Malkin Lecture Series
The Unexpected President
The Life and Times of Chester A. Arthur
November 5, 2018
Veterans Room
Chester Arthur, our nation’s 21st president, went from a promising start as a young lawyer in Manhattan to being known as a crooked crony of the New York Republican political machine. As Quartermaster General for the New York State Militia during the Civil War and as a socially ambitious businessman, he interacted with the members of the Seventh Regiment repeatedly throughout his career. With the assassination of President Garfield, Arthur found himself in the Executive Mansion in September 1881 (which he would later hire the same artists who worked at our Armory to redecorate). He was truly a Gilded Age president for the nation but little is known about him today due to his distrust of the press and his destruction of his private papers before his death. Author Scott Greenberger will introduce us to this New York president and describe how from the moment Arthur took office, he proved to be not just honest but brave, going up against the very forces that had controlled him for decades. He surprised everyone—and gained many enemies—when he swept house and took on corruption, civil rights for African Americans, and the issues of land for Native Americans.
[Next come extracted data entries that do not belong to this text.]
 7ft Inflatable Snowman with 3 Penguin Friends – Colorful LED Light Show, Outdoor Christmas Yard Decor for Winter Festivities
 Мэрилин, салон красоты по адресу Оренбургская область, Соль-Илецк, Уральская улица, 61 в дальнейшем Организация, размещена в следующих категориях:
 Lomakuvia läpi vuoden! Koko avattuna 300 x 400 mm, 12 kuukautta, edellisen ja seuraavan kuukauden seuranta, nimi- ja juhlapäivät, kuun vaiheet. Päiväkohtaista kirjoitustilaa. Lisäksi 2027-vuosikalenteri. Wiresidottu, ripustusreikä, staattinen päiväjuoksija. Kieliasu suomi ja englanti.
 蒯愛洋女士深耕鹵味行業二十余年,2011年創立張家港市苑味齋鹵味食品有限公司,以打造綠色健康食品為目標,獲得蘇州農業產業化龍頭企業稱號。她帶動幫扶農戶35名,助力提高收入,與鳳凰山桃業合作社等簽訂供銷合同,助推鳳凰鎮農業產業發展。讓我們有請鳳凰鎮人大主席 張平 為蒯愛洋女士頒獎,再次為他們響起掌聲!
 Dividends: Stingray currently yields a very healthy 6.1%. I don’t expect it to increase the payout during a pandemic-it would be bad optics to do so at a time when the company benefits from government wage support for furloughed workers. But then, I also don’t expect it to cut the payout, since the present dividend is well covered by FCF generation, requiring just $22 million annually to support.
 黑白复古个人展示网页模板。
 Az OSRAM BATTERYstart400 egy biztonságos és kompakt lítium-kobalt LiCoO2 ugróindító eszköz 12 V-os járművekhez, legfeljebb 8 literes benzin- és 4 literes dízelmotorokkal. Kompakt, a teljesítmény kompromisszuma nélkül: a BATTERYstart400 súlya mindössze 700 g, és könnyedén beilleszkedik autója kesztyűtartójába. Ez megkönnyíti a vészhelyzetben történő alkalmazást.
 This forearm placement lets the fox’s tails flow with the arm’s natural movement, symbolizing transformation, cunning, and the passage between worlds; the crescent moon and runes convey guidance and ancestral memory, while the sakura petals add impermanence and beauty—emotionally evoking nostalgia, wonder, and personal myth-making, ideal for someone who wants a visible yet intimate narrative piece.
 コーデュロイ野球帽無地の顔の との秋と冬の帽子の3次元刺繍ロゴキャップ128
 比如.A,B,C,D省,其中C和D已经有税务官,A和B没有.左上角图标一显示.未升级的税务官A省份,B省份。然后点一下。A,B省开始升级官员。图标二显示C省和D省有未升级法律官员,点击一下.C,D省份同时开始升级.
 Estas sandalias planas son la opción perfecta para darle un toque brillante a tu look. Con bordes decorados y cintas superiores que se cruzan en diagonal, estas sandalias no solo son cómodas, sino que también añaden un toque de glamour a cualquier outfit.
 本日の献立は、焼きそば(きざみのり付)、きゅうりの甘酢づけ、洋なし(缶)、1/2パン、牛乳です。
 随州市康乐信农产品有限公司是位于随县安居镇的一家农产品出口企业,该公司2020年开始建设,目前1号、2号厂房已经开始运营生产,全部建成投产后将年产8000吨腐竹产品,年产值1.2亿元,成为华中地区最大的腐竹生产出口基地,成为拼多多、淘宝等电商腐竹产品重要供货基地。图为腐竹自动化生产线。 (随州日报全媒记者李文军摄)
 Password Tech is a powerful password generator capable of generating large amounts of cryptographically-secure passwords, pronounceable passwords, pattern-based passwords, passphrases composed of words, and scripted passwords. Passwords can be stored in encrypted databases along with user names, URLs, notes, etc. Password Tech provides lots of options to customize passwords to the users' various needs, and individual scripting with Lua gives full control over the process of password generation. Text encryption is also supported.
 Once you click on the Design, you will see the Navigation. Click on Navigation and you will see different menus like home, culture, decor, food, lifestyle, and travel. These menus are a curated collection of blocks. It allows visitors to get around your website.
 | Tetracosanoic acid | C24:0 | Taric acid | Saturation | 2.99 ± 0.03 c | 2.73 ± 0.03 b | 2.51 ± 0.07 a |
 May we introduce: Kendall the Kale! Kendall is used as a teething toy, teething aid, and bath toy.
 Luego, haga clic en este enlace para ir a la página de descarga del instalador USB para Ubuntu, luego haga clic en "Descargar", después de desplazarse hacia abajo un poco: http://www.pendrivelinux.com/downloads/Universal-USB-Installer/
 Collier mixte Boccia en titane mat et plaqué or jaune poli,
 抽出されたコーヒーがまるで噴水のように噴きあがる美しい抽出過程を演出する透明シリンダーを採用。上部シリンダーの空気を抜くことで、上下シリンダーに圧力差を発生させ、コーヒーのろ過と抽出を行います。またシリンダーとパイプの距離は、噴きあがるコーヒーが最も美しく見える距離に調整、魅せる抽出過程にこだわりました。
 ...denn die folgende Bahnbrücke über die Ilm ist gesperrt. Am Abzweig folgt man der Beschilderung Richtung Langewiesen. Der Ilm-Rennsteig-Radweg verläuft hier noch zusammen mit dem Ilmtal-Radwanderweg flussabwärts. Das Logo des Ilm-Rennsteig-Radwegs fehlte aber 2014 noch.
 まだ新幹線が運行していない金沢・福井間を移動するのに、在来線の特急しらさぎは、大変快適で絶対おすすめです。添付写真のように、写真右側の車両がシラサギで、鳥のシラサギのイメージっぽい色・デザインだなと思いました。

Scott S. Greenberger is the executive editor of Stateline, a nonprofit journalism project funded by the Pew Charitable Trusts, where he guides a team of veteran journalists who report on state politics and policy in the 50 states and the District of Columbia. Before joining Pew, Greenberger was a staff writer at The Boston Globe, where he covered education, served as City Hall bureau chief, and was the primary policy reporter in the Globe‘s State House bureau. His work has been published in The New York Times, The Washington Post, Politico and GQ. He is the co-author, with former Sen. Tom Daschle, of The New York Times best-seller Critical: What We Can Do About the Health-Care Crisis.